The Florida House Majority Office is publishing a series of sector-specific resource blog posts and downloadable documents to aid constituents in understanding the support available to them during the coronavirus crisis. This post contains information and resources for small businesses. Download the PDF version here.


The Families First Coronavirus Response Act (FFCRA)

  • The FFCRA provides funds for businesses with fewer than 500 employees to provide employees with paid leave, either for the employee's own health needs or to care for family members, through December 31.

  • Workers receive up to 80 hours of paid sick leave for their own health needs or to care for others.

  • Up to an additional 10 weeks of paid family leave at two-thirds the employee’s regular rate of pay to care for a child whose school or place of care is closed or child care provider is closed or unavailable due to COVID-19 precautions.

  • The FFCRA covers the costs of this paid leave by providing small businesses with refundable tax credits. Certain self-employed individuals in similar circumstances are entitled to similar credits.

  • For more information, visit

Small Business Debt Relief Program

This program provides immediate relief to small businesses with non-disaster U.S. Small Business Association (SBA) loans.

Employee Retention Credit

The Employee Retention Credit is a refundable tax credit against certain employment taxes equal to 50 percent of the qualified wages an eligible employer pays to employees after March 12, 2020, and before January 1, 2021.

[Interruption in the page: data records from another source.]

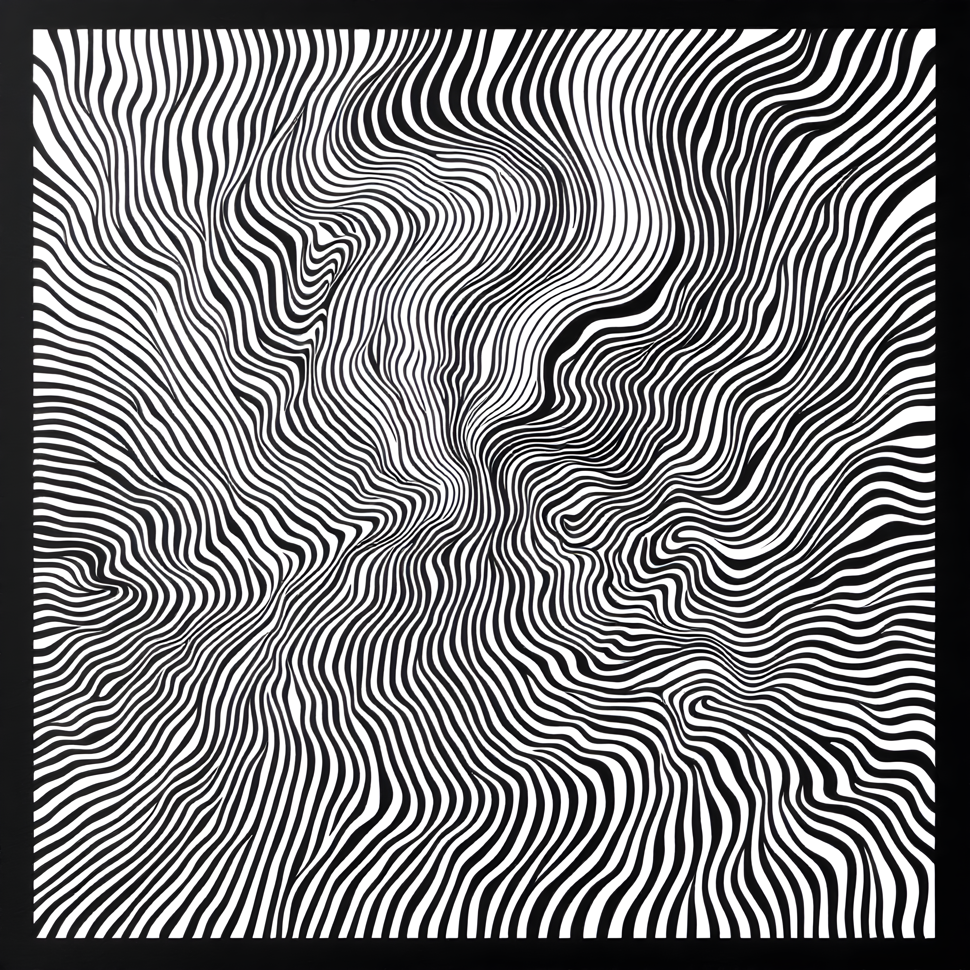 Over the North Atlantic, southwest of Ireland in the stormy waters where maritime weather systems collide, moderate winds of 12.8 m/s from the northwest create dynamic atmospheric turbulence. The significant pressure gradient of 34.7 Pa/cell combined with cold temperatures and high humidity suggests an active weather front, which I interpret through Riley's optical language as tightly packed undulating lines that vibrate with controlled intensity. The cold temperature anomaly calls for her early black-and-white period aesthetic, with the northwest wind direction driving diagonal wave patterns that create powerful optical movement across the canvas.
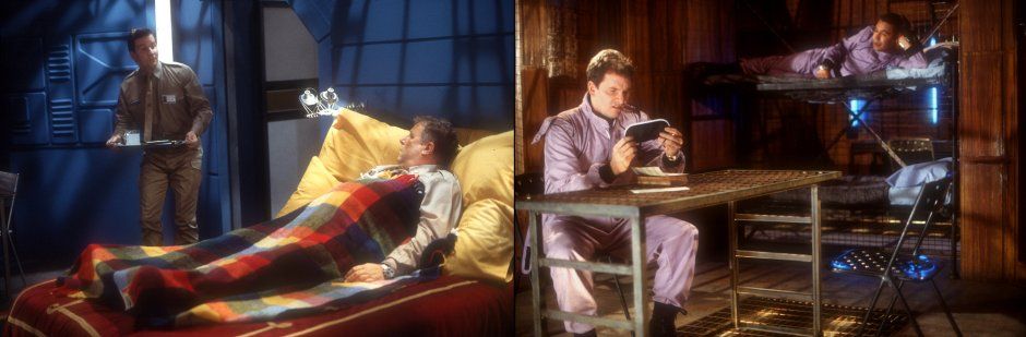 Not that our intrepid crew got to see very much of this new ship, of course - the arching series plot of their imprisonment in "The Tank" meant that instead, another entirely new set was required. Putting Lister and Rimmer back in stacked bunks, with a foreground table, the prison cell deliberately evoked that very first bunkroom - the same one the audience had been shown in Back in the Red Part 1, helping drive home the subliminal image - while the metallic grates called to mind the classic ship's corridors.
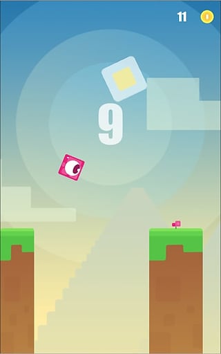 游戏核心是控制方块角色的弹跳轨迹。当角色腾空时,玩家需滑动屏幕调整水平位置,确保能准确落在下一个平台上。连续成功跳跃会加快游戏节奏,失误则会结束当前回合。系统会自动记录最远跳跃距离,激发玩家的挑战欲望。
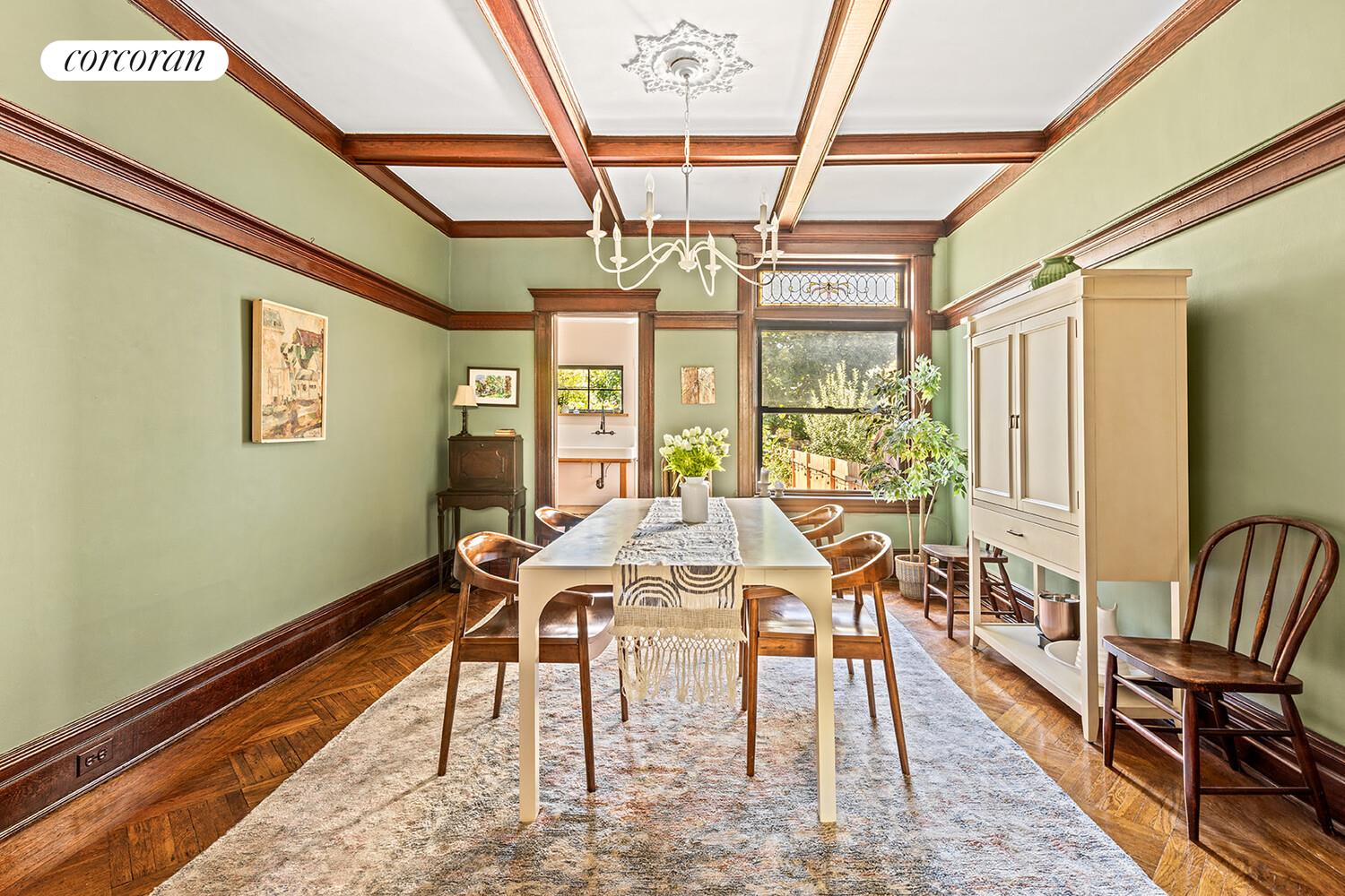 You're immediately welcomed by a charming front porch, the perfect spot to enjoy your morning coffee or unwind with an evening tea. Upon entry, the foyer offers a convenient space for coats, shoes, and bags. The bright and inviting living room has an oversized window with custom blinds. Pocket French doors lead to a formal dining room, complete with a coffered ceiling and decorative medallion, ideal for hosting your next dinner gathering.

  • Eligible employers can get immediate access to the credit by reducing employment tax deposits they are otherwise required to make. Also, if the employer's employment tax deposits are not sufficient to cover the credit, the employer may get an advance payment from the IRS.

  • For each employee, wages (including certain health plan costs) up to $10,000 can be counted to determine the amount of the 50% credit. Because this credit can apply to wages already paid after March 12, 2020, many struggling employers can get access to this credit by reducing upcoming deposits or requesting an advance credit on Form 7200, Advance of Employer Credits Due To COVID-19.

  • For more information, visit

Counseling & Training

Local Small Business Development Center (SBDC), Women’s Business Center (WBC), or SCORE mentorship chapter, and the associations that represent them, will receive additional funds to expand their reach and better support small business owners with counseling and up-to-date information regarding COVID-19.

Paycheck Protection Program (PPP) Loans

The PPP provides Small Business Administration (SBA) loans to help small businesses keep their workforce employed.

The “Paycheck Protection Program and Health Care Enhancement Act’’ allocated an additional $310 billion to the program.

On June 5, President Trump signed the Paycheck Protection Program Flexibility Act (PPPFA), making changes to the original PPP loans originally passed in the CARES Act.

The Paycheck Protection Program resumed accepting applications on July 6, 2020 in response to President Trump signing the program's extension legislation. The new deadline to apply for a Paycheck Protection Program loan is August 8, 2020. 

  • These loans have a maturity of 5 years and an interest rate of 1%.

  • SBA will forgive a portion of the loan if all employees are kept on the payroll and the money is used for payroll, mortgage interest, rent, or utilities.

  • New PPP borrowers will have a 24-week covered period, and current borrowers can choose to extend their 8 week period to 24 weeks (covered period can’t extend beyond Dec. 31.) This flexibility is designed to make it easier for more borrowers to reach full, or almost full, forgiveness. At least 60% of the forgiven amount must have been used for payroll.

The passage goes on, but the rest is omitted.